# solicitor client account -interest bearing ?



## suicra05 (11 Oct 2007)

I am in the process of buying an apartment. The money has been drawn down and is sitting in my solicitors client account for the last 7 days. As a general rule do solicitors earn interest on their client accounts or is it just a current account earning no interest.


----------



## LouisLaLoope (11 Oct 2007)

I should know this but can't remember exactly.  If memory serves, yes, solicitors earn interest on the client account funds cos they're all lumped in together.  Solicitor accounts are heavily regulated, though.  Clients are entitled to the interest, I think, on their money, but I don't think solicitors need to volunteer it (just produce it upon request).  I can check this out for you if you really need to know.


----------



## Vanilla (11 Oct 2007)

LouisLaLoope said:


> I should know this but can't remember exactly. If memory serves, yes, solicitors earn interest on the client account funds cos they're all lumped in together. Solicitor accounts are heavily regulated, though. Clients are entitled to the interest, I think, on their money, but I don't think solicitors need to volunteer it (just produce it upon request). I can check this out for you if you really need to know.


 
Solicitors are obliged to account to their clients for interest earned on their money if it is above something like €100.00. In general you will find that solicitors try to draw down funds for your benefit at least 5 working days before closing is due so that it has cleared and is available for you when you want to close. It's a bit of a balancing act because sometimes closing doesnt occur exactly when it is supposed to due to various reasons.


----------



## Calico (6 Jul 2009)

I'm sorry to bump this, but do solicitors pay back interest earned in client accounts. I don't know of anyone who has bought a house and had interest returned to them on their deposit. 

Does anyone know the procedure for this?


----------



## BJRsols (6 Jul 2009)

Vanilla said:


> Solicitors are obliged to account to their clients for interest earned on their money if it is above something like €100.00. In general you will find that solicitors try to draw down funds for your benefit at least 5 working days before closing is due so that it has cleared and is available for you when you want to close. It's a bit of a balancing act because sometimes closing doesnt occur exactly when it is supposed to due to various reasons.


 
Correct and right. Solicicitors only have to account for interest if it is over €100 and if requested by the client. 

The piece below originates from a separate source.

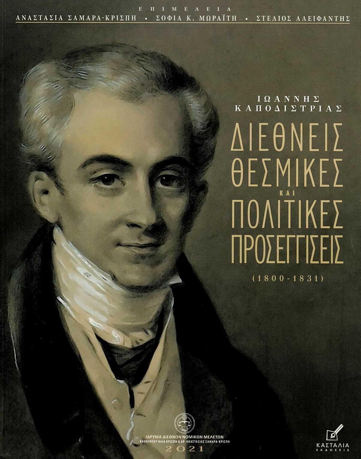 Η παρουσίαση του πολυσχιδούς έργου του και της διεθνούς εμβέλειας, φωτεινής προσωπικότητάς του, αποτελεί ελάχιστο καθήκον και πολύτιμη διδαχή, για τους σύγχρονους Έλληνες και την επίσημη Ελληνική Πολιτεία. Το έργο ανέλαβε το Ίδρυμα Διεθνών Νομικών Μελετών Καθηγητού Ηλία Κρίσπη και Δρ. Αναστασίας Σαμαρά-Κρίσπη, με την στήριξη του Εθνικού και Καποδιστριακού Πανεπιστημίου Αθηνών. Μία πλειάδα 26 συγγραφέων, ανέλαβε να αναλύσει τις ποικίλες δράσεις του Καποδίστρια και την πολύτιμη κληρονομιά που κατέλειπε, στην προσπάθειά του να οικοδομήσει, σε στέρεες βάσεις, το Νέο Ελληνικό Κράτος. Η έκδοση έγινε με την έμπειρη συνεπιμέλεια της Δρ. Αναστασίας Σαμαρά-Κρίσπη, της Δρ. Σοφίας Μωραΐτη και του Συναδέλφου Διεθνολόγου Δρ. Στέλιου Αλειφαντή, από τον εκδοτικό οίκο Κασταλία, του κ. Σεραφείμ Μηχιώτη.

I'm open to correction, but there is no obligation on solicitor to put money in an interest bearing account. Solicitors these days would normally draw down the funds up to a week in advance because the banks are so unreliable in relation to time frames. If you need funds for a friday i would be requesting them for wednesday etc...

Some solicitors have deals with their banks that they receive no interest on their client if the bank doesn't charge interest on their overdrawn office account. In any event even in instances like this all they would be entitled to would be the bank's base rate ... less dirt of course


----------



## MOB (7 Jul 2009)

Unless special arrangement is made, you are entitled to interest at the demand deposit rate applicable to your money in the solicitor's bank -as the money held by the solicitor is available on demand.   The solicitor may well get a better rate, but that is because your money is held with lots of other money - which is the solicitor's good fortune, not the client's.  

I think the demand rate right now is less than 0.4%.  So, let's say €300k purchase money @0.4% = €1200 p.a. (before DIRT) or €23 for the week.  And, as Vanilla says, there is no requirement to account for sums of less than €100 (actually it might even be €150).

In this example I have assumed a demand deposit rate of 0.4%.   For smaller sums, you could be talking as little as 0.1% right now.


----------



## csirl (8 Jul 2009)

My employer regularly gets interest cheques from its solicitors for money that has been in the client account. Seems to be standard practice - paid automatically without having to be requested.


----------



## Majex (15 Apr 2010)

*Solicitors obligation to pay Interest to clients.*

There are two situations that can arise.

1.


----------



## Majex (15 Apr 2010)

Sorry.  Messed up.
1.  Solicitor Keeps money in a  client account specifically for that client.  
     In this case the Client is entitled to all the interest earned no matter how much it is.

2.  Solicitor keeps money in  a general client account.  (Probably an amalgamation of the monies of several seperate clients.
     In this case the client has no entitlement whatsoever to the interest earned.  It belongs solely to the solicitor and is specifically excluded from the definition of client monies.   However, the client has the following entitlements.
     There are two situations where he is entitled to an amount equivalent to the interest his money (on its own) would have earned if the solicitor had kept it on demand deposit at his principal bank.
     The first is if that amount is greater than €100.00
     The second is if he asks for it.  (In this case he will be given the equivalent amount no matter how small it is).

This distinguishes between the interest earned by the Solicitor  (None of the clients business) and the Solicitors obligation to his client.  Generally SOlicitors eanr a higher rate than they have to pay because of the accumulation of multiple clients funds.


----------